PROBLEM DETAILS:
Using the entries that follow, transcribe only the lines from the line with "18일 자정(한국시간) 러시아" to the line with "<div>Diyarbakır’ın Kayapınar ilçesinde", both included, exactly as they stand and without pictures.

RECORDS FOR THIS TASK:
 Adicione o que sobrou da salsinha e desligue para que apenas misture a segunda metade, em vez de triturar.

==

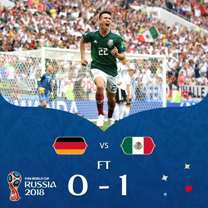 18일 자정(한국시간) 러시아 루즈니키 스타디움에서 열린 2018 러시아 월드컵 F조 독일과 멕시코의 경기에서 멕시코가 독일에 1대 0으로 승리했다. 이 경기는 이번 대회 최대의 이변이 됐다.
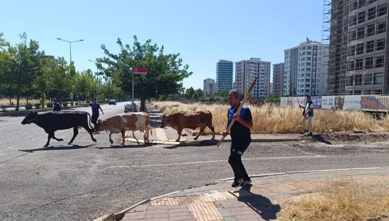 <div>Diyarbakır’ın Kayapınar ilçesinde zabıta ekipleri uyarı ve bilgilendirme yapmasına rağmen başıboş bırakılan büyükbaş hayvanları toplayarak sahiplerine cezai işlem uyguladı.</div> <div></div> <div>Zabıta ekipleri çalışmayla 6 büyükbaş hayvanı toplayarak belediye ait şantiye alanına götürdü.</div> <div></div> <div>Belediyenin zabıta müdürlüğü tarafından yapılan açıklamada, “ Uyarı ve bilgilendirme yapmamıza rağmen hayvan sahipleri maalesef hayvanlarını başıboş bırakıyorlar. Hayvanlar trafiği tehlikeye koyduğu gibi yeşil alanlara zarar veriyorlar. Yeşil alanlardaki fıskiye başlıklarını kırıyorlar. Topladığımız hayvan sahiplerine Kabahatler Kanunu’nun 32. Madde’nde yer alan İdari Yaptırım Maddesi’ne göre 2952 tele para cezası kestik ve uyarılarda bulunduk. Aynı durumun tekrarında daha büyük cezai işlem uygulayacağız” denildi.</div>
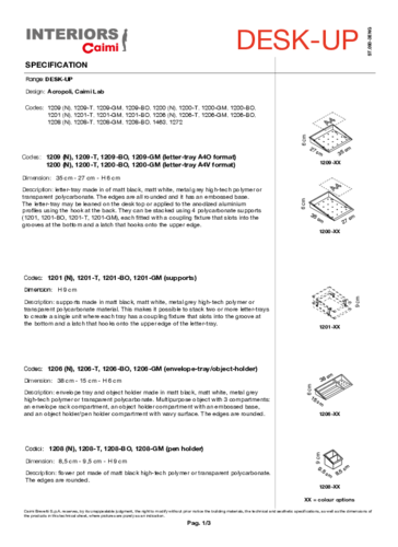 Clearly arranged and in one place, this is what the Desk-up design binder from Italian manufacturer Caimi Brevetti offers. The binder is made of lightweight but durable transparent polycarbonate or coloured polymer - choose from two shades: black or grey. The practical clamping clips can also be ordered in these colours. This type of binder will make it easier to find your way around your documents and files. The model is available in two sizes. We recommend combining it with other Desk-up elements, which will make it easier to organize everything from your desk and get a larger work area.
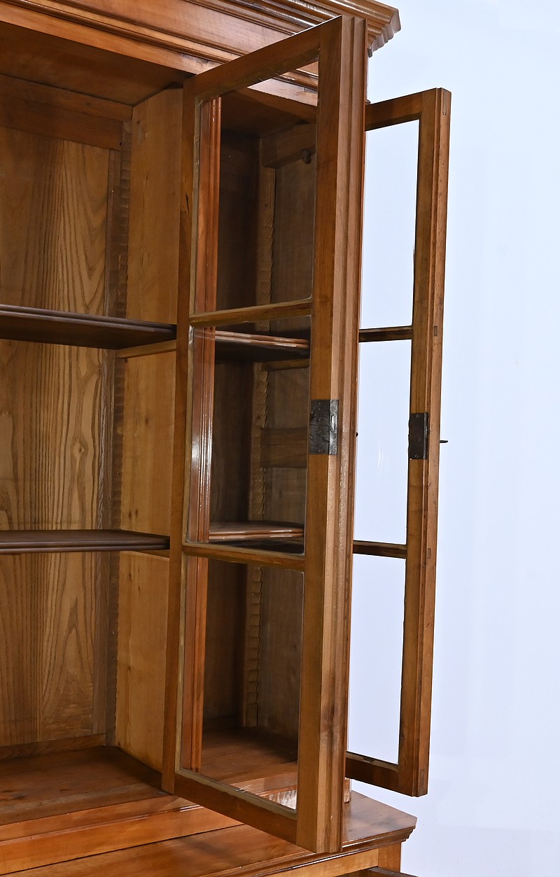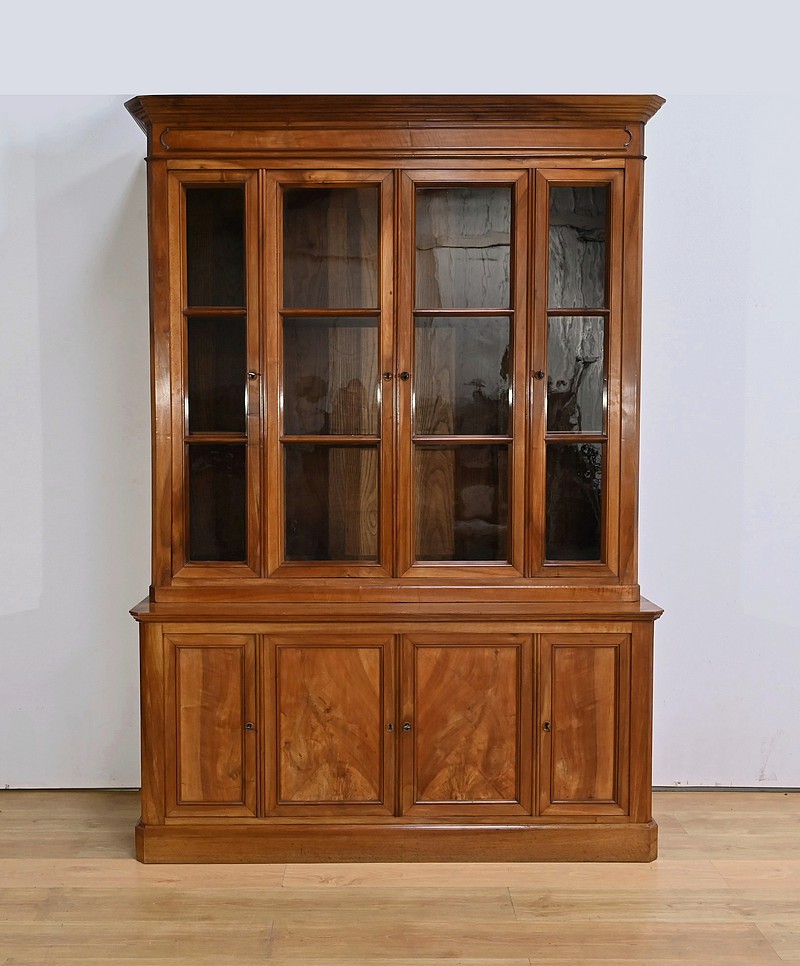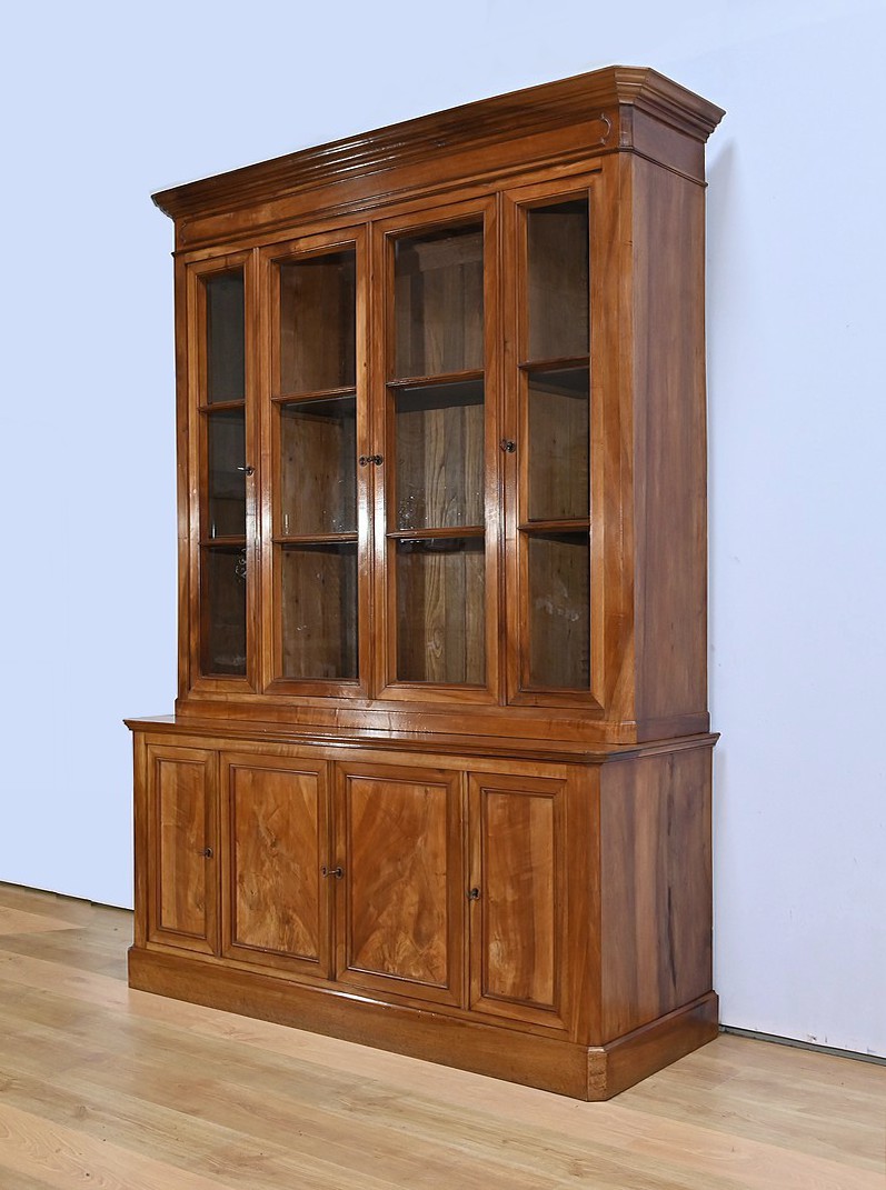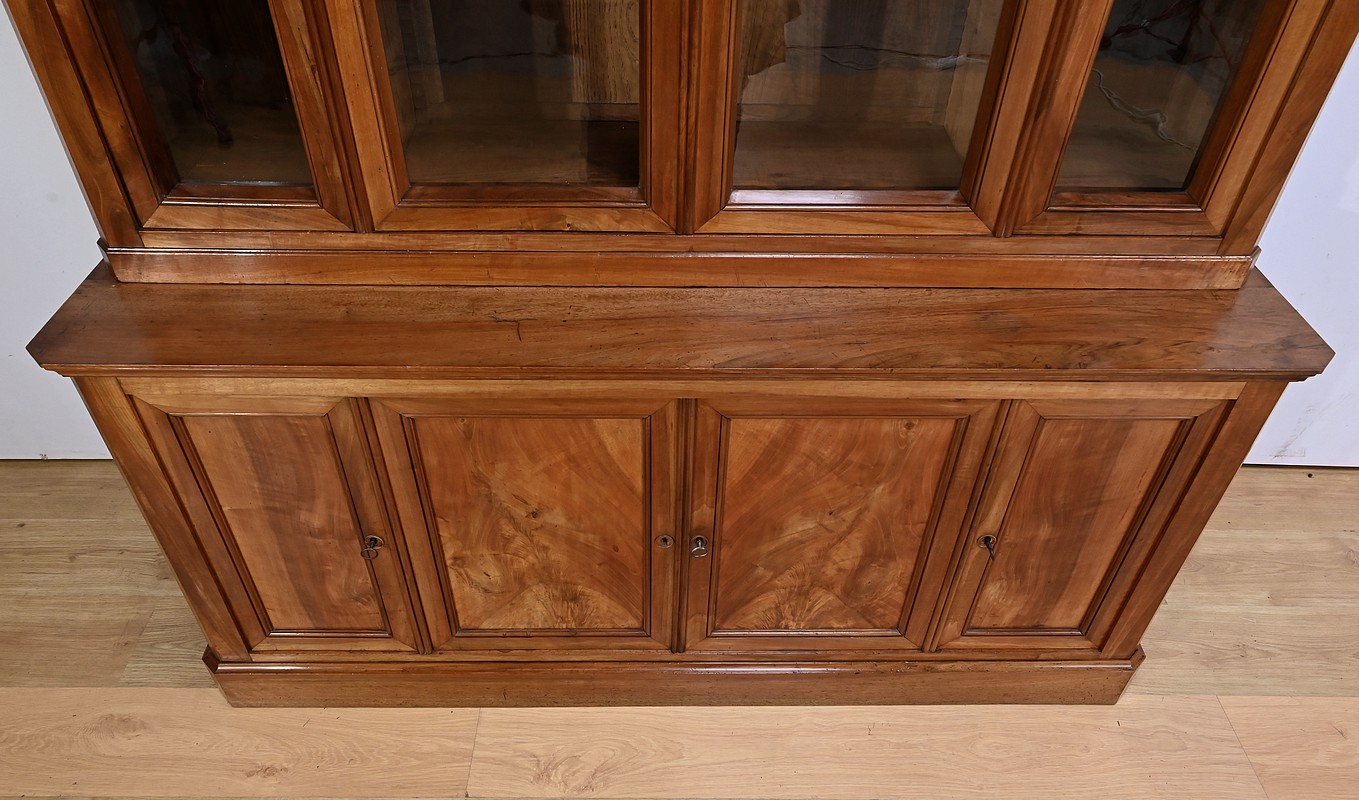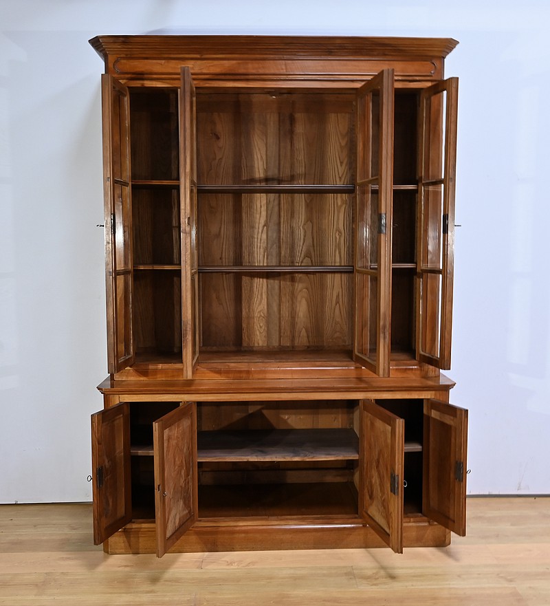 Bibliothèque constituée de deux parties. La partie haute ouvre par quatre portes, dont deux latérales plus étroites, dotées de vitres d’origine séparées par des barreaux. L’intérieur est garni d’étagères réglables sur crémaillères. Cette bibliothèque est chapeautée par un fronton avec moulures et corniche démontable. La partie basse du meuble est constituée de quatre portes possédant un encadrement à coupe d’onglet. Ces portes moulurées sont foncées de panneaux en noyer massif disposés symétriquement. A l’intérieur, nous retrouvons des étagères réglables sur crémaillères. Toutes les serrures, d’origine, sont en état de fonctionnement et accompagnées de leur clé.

--

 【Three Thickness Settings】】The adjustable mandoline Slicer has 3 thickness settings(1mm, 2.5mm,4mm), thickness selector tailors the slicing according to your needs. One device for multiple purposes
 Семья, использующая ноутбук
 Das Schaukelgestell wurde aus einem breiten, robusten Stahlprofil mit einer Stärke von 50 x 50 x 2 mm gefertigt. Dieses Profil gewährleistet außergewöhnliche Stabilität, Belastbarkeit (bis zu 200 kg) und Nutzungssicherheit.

ANSWER SPACE:
 18일 자정(한국시간) 러시아 루즈니키 스타디움에서 열린 2018 러시아 월드컵 F조 독일과 멕시코의 경기에서 멕시코가 독일에 1대 0으로 승리했다. 이 경기는 이번 대회 최대의 이변이 됐다.
 <div>Diyarbakır’ın Kayapınar ilçesinde zabıta ekipleri uyarı ve bilgilendirme yapmasına rağmen başıboş bırakılan büyükbaş hayvanları toplayarak sahiplerine cezai işlem uyguladı.</div> <div></div> <div>Zabıta ekipleri çalışmayla 6 büyükbaş hayvanı toplayarak belediye ait şantiye alanına götürdü.</div> <div></div> <div>Belediyenin zabıta müdürlüğü tarafından yapılan açıklamada, “ Uyarı ve bilgilendirme yapmamıza rağmen hayvan sahipleri maalesef hayvanlarını başıboş bırakıyorlar. Hayvanlar trafiği tehlikeye koyduğu gibi yeşil alanlara zarar veriyorlar. Yeşil alanlardaki fıskiye başlıklarını kırıyorlar. Topladığımız hayvan sahiplerine Kabahatler Kanunu’nun 32. Madde’nde yer alan İdari Yaptırım Maddesi’ne göre 2952 tele para cezası kestik ve uyarılarda bulunduk. Aynı durumun tekrarında daha büyük cezai işlem uygulayacağız” denildi.</div>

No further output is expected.